The Australian Human Rights Commission (AHRC) has disclosed a significant data breach that exposed hundreds of sensitive documents online, some of which were indexed by major search engines.
The documents included private information such as names, contact details, health records, employment data, and photographs.
According to AHRC’s official announcement, the breach affected submissions made through its complaint webform between March 24 and April 10, 2025, the ‘Speaking from Experience’ project between March and September 2024, and the National Anti-Racism Framework submissions from October 2021 to February 2022. A total of 670 documents were accessed between April 3 and May 5, 2025.

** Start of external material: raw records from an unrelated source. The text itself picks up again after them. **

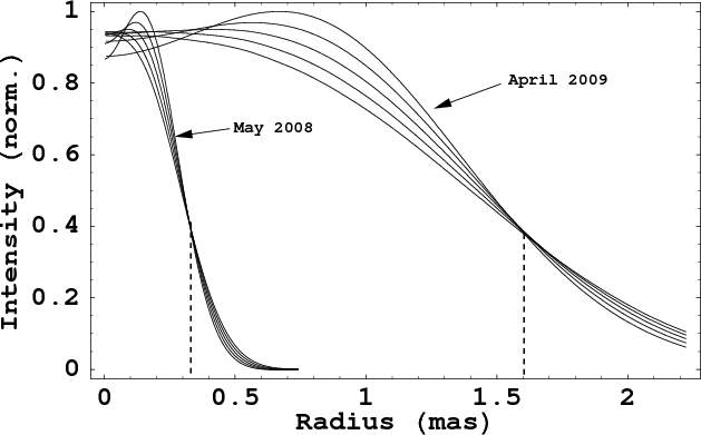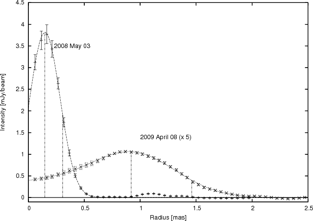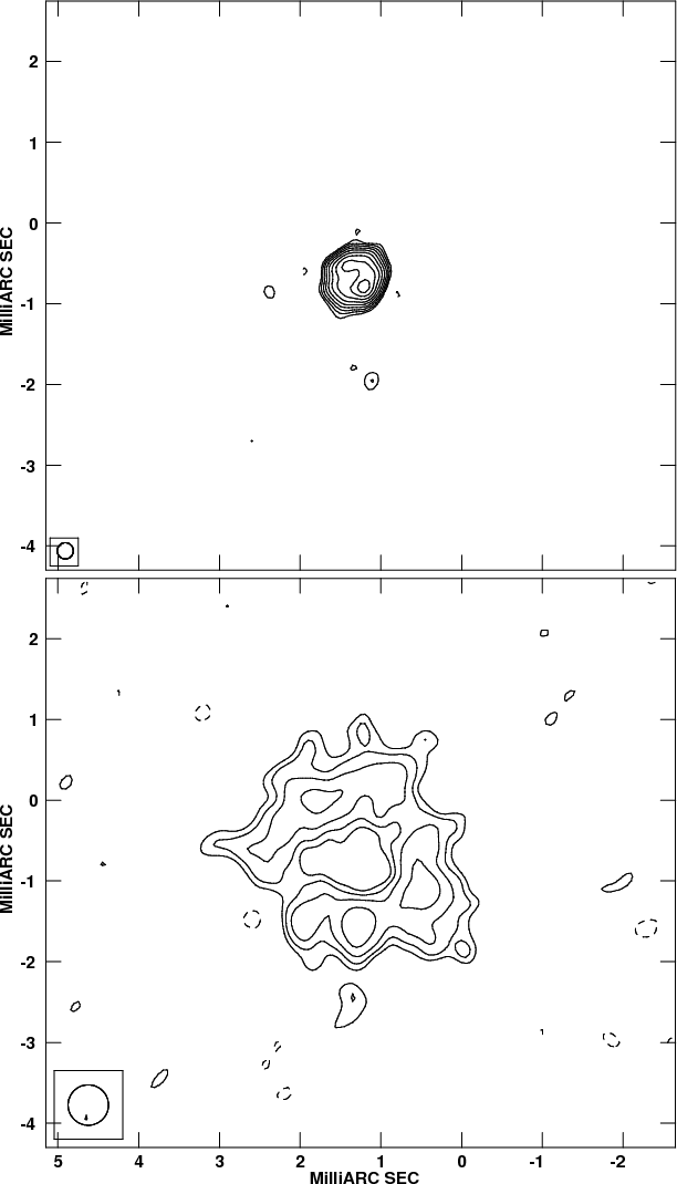 in two VLBI images separated by 11 months. The source shows a ring-like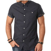 Koszula męska Deeluxe Pagos z krótkim rękawem granatowa w kropki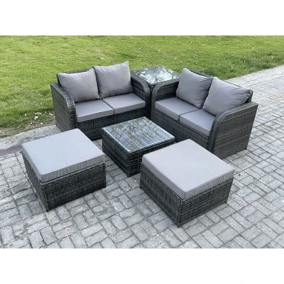 General description This 6-seater deluxe garden furniture set enhances your courtyard, deck, backyard, porch, or swimming pool area. Constructed from high-quality PE rattan and durable galvanized steel, it is designed to withstand adverse weather conditions in the UK. The set can be easily reconfigured to suit your needs. Technical specifications Set Dimensions: 1 x Side Coffee Table: 65L x 65W x 66H cm 2 x Big Footstools: 65L x 65W x 34H cm 2 x Love Sofas: 124W x 67D x 79H cm 1 x Square Coffee Table: 65L x 65W x 34H cm Material: Dark grey mixed rattan with dark grey fabric Seat Cushion Thickness: 8 cm Installation Items come flat packed and are easy to assemble. Includes sturdy galvanized steel tube metal frames with powder coating to prevent rust. Usage Low maintenance required. Removable cushion covers for easy cleaning. Keep cushions indoors or use a rain cover when not in use. Use a rain cover if the furniture is not in use for an extended period. Other information 5mm thick

The AHRC emphasized that the incident was not the result of a malicious cyberattack, suggesting it was likely due to a misconfiguration or internal oversight. In response, the commission has disabled all public web forms and requested the urgent removal of the exposed files from search engine indexes.
The breach is particularly concerning given the highly sensitive nature of the data involved and the vulnerable communities the AHRC serves. The Office of the Australian Information Commissioner (OAIC) has been notified, and a dedicated investigation task force is underway. Affected individuals will be contacted directly, and a support helpline has been established.
The AHRC is also encouraging people to stay alert for phishing attempts or fraud and has shared links to mental health resources for those impacted by the breach.